◆ **PROMPT**
Please reproduce the records exactly, leaving out any pictures.

◆ **INPUT DATA**
((

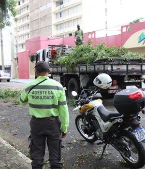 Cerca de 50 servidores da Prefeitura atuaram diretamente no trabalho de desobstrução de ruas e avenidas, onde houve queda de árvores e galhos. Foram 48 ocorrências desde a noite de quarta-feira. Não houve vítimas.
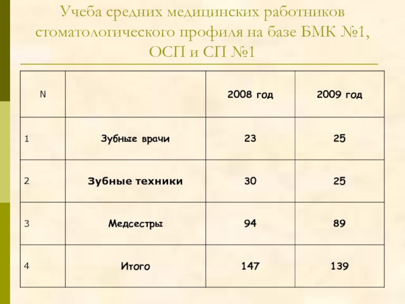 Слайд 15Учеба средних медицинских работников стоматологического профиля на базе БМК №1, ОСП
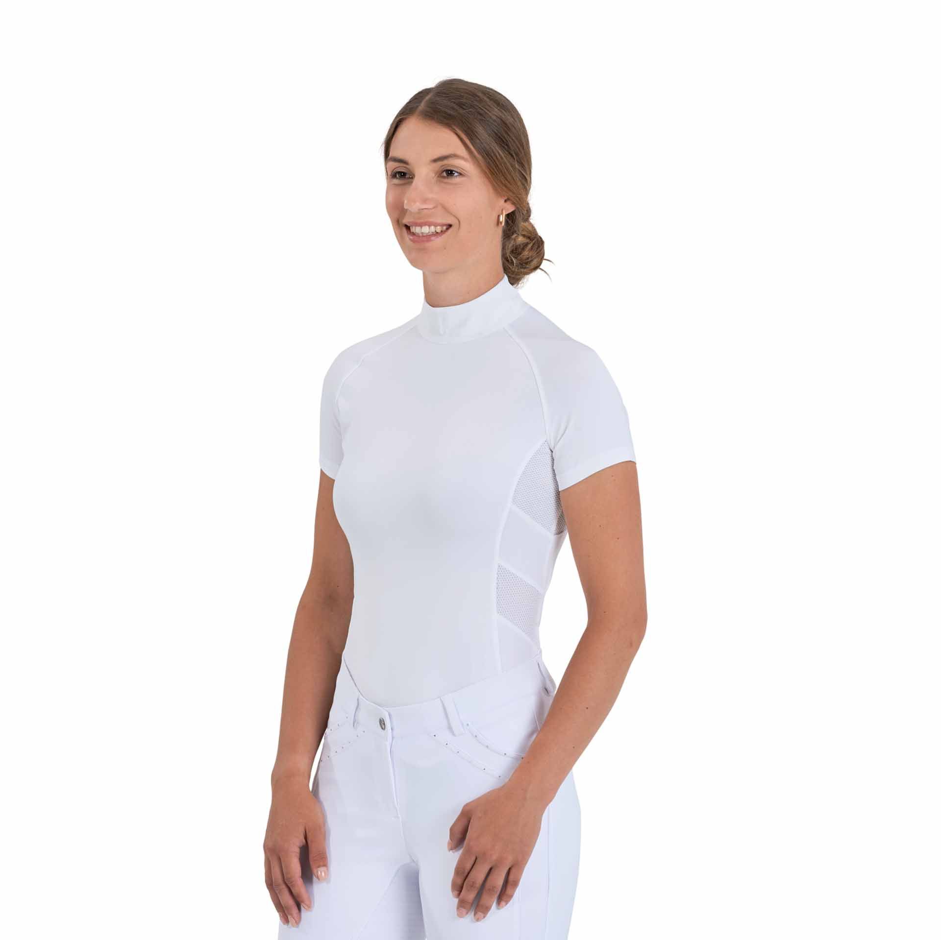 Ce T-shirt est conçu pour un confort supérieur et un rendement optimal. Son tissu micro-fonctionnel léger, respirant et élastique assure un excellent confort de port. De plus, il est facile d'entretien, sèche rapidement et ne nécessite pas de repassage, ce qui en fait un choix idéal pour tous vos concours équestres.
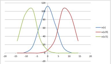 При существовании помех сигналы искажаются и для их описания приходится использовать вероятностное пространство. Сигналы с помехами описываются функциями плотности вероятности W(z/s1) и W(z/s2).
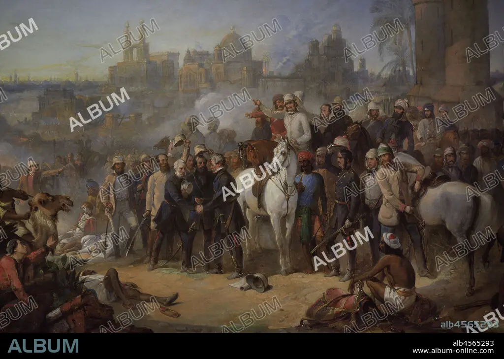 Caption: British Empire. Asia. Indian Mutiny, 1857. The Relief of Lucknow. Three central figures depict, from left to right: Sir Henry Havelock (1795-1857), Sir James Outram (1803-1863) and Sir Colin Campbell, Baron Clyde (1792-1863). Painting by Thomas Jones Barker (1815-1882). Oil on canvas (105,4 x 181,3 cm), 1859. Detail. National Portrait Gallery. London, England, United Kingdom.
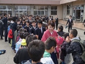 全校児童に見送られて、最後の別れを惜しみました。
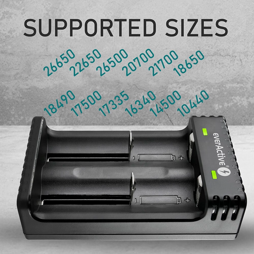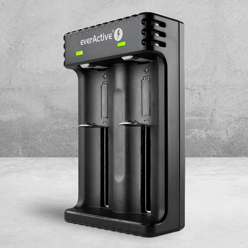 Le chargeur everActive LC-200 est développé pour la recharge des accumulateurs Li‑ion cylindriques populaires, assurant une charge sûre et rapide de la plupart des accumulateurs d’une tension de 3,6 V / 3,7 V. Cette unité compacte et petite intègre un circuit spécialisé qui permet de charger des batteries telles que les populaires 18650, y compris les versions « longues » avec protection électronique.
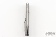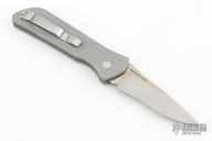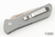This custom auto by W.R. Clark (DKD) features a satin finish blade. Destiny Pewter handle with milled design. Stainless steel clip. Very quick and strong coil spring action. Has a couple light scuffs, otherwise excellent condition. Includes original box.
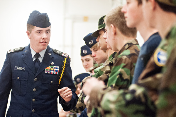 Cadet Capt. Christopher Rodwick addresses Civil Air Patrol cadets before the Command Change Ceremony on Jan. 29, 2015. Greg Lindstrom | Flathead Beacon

))

◆ **ANSWER SPACE**
 Cerca de 50 servidores da Prefeitura atuaram diretamente no trabalho de desobstrução de ruas e avenidas, onde houve queda de árvores e galhos. Foram 48 ocorrências desde a noite de quarta-feira. Não houve vítimas.
 Слайд 15Учеба средних медицинских работников стоматологического профиля на базе БМК №1, ОСП
 Ce T-shirt est conçu pour un confort supérieur et un rendement optimal. Son tissu micro-fonctionnel léger, respirant et élastique assure un excellent confort de port. De plus, il est facile d'entretien, sèche rapidement et ne nécessite pas de repassage, ce qui en fait un choix idéal pour tous vos concours équestres.
 При существовании помех сигналы искажаются и для их описания приходится использовать вероятностное пространство. Сигналы с помехами описываются функциями плотности вероятности W(z/s1) и W(z/s2).
 Caption: British Empire. Asia. Indian Mutiny, 1857. The Relief of Lucknow. Three central figures depict, from left to right: Sir Henry Havelock (1795-1857), Sir James Outram (1803-1863) and Sir Colin Campbell, Baron Clyde (1792-1863). Painting by Thomas Jones Barker (1815-1882). Oil on canvas (105,4 x 181,3 cm), 1859. Detail. National Portrait Gallery. London, England, United Kingdom.
 全校児童に見送られて、最後の別れを惜しみました。
 Le chargeur everActive LC-200 est développé pour la recharge des accumulateurs Li‑ion cylindriques populaires, assurant une charge sûre et rapide de la plupart des accumulateurs d’une tension de 3,6 V / 3,7 V. Cette unité compacte et petite intègre un circuit spécialisé qui permet de charger des batteries telles que les populaires 18650, y compris les versions « longues » avec protection électronique.
This custom auto by W.R. Clark (DKD) features a satin finish blade. Destiny Pewter handle with milled design. Stainless steel clip. Very quick and strong coil spring action. Has a couple light scuffs, otherwise excellent condition. Includes original box.
 Cadet Capt. Christopher Rodwick addresses Civil Air Patrol cadets before the Command Change Ceremony on Jan. 29, 2015. Greg Lindstrom | Flathead Beacon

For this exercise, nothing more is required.